Они ничего не приняли – и они приняли все.
То есть для того, чтобы снова получился Лева Одоевцев, мы могли обрисовать здесь и совсем иную семью, значительно более положительную и привлекательную, даже, пожалуйста, образцовую, которой можно было бы лишь умилиться, удивиться, что она есть, и поставить в пример. Совсем необязательно было непременно расти в атмосфере тайного предательства, чтобы получиться Левой…
[98]
Итак, это – Дом, это – крепость, населенная дружными, любящими людьми, наделенными многими, все реже встречающимися качествами. Они красивы, воспитанны, не лгут друг другу, охотно и без жалоб несут все тяготы и обязанности, добровольно принятые на себя ради семьи; здесь совсем нет хамства и грязи, и здесь любят друг друга. Лева, толстенький и милый шалун, убегает от мамы по коридору – топ-топ! – и его ловят, и ловят, и ловят любовные руки… он подлетает к какому-либо крупному красивому лицу – дядя, тетя, бабушка! – и он смеется, настолько все – в порядке, настолько встречай ему большая улыбка сверху… Они живут мужественно, чисто и достойно, пока кругом на лестничных площадках и дворах все ссорятся, разводятся, матери-одиночки «водят к себе», пьют, дерутся и дети все реже узнают в лицо отца… – они живут хорошо. Их много, и они вместе – большая семья, какие сейчас встречаются лишь в романах.

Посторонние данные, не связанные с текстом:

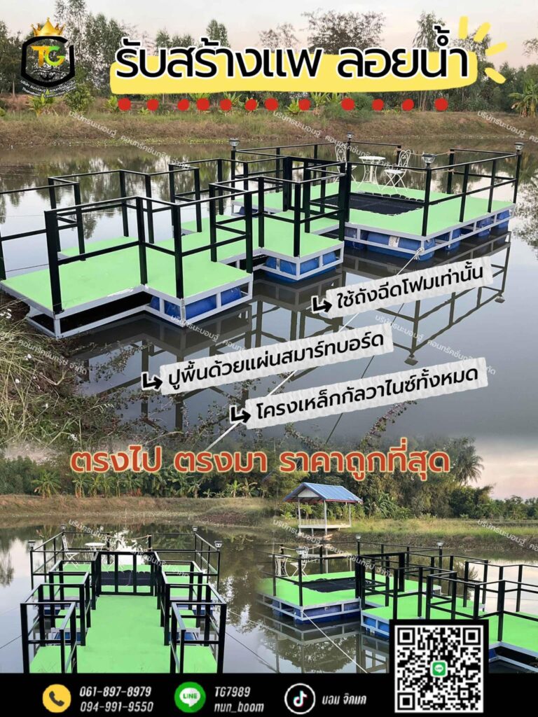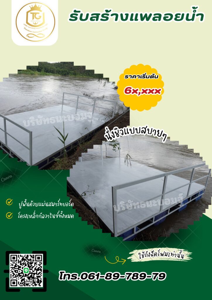 บริษัทของเรามีความเชี่ยวชาญในการสร้างแพลอยน้ำตามแบบและงบประมาณของลูกค้า เราสามารถสร้างแพลอยน้ำในหลากหลายรูปแบบเพื่อตอบสนองความต้องการที่แตกต่างกัน ไม่ว่าจะเป็นแพลอยน้ำในเขื่อนที่ต้องการความมั่นคงและปลอดภัย แพลอยน้ำ ทะเลที่ทนทานต่อสภาพแวดล้อมทางทะเล แพลอยน้ำ ที่ทำเป็นท่าเรือเพื่อการขนส่งและจอดเรือ หรือแพลอยน้ำที่เป็นศาลาเพื่อความสงบและความสวยงาม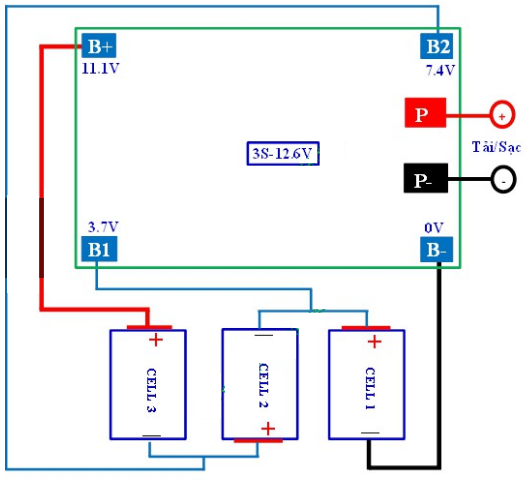 - Hàn theo thứ tự: B- (0V), B1 (3.7V),... B+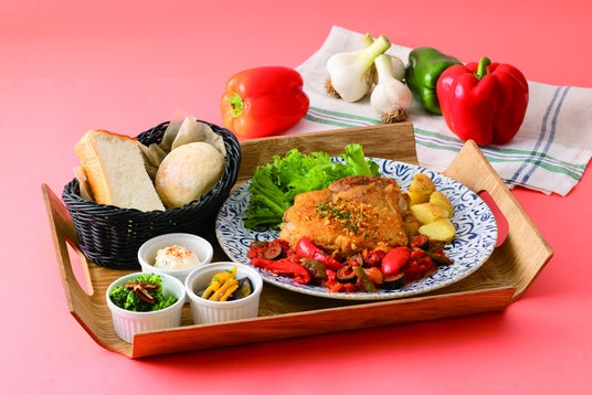 「もったいない野菜」のトマトやパプリカを炒め煮した彩り豊かなチリンドロンソースと、ジューシーな鶏もも肉のソテーがマッチしたひと皿。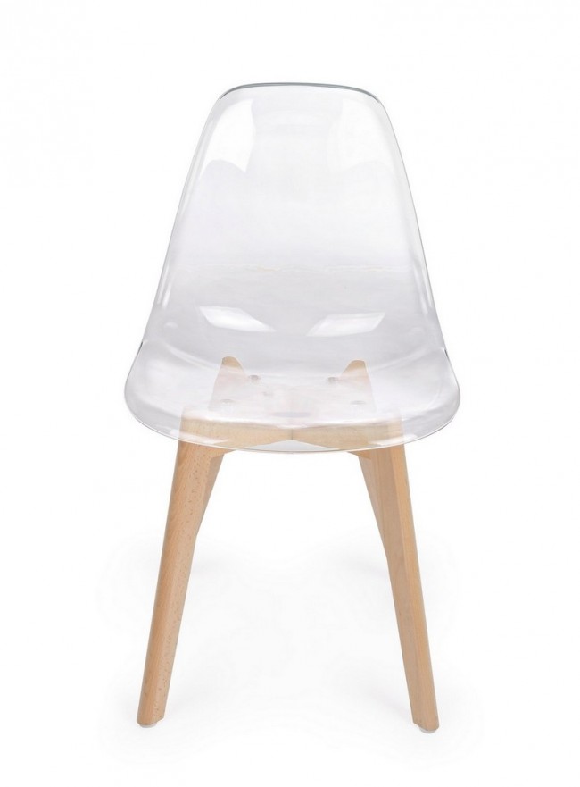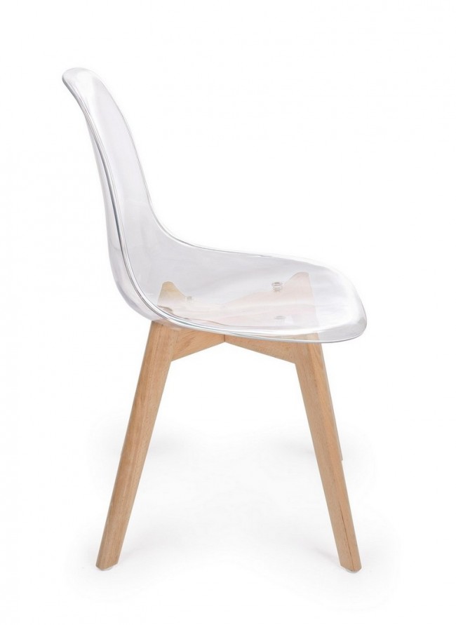 Sedia Easy trasparente con seduta e schienale in elegante policarbonato, leggera e resistente; gambe in faggio da montare per un tocco naturale e moderno. Perfetta per portare luminosità e stile funzionale in ogni ambiente della casa.

Они живут ради семьи, они живут – в семье, семья – форма их выживания.
У Левы – детство. Во всяком случае, раннего детства он не лишен, оно – классично, оно может быть переплетено в томик. Где там конец тридцатых – начало сороковых в России XX века за окном? Ау! Но вот уже время и послевоенное, Лева может «если не понимать, то помнить», но ничего словно бы не меняется только в их семье; заметить эту разность семейной и внешней жизни – значит задаться вопросом; Лева «из воздуха» усвоил единственный способ не задаваться вопросом: он перестал отмечать про себя внешний мир.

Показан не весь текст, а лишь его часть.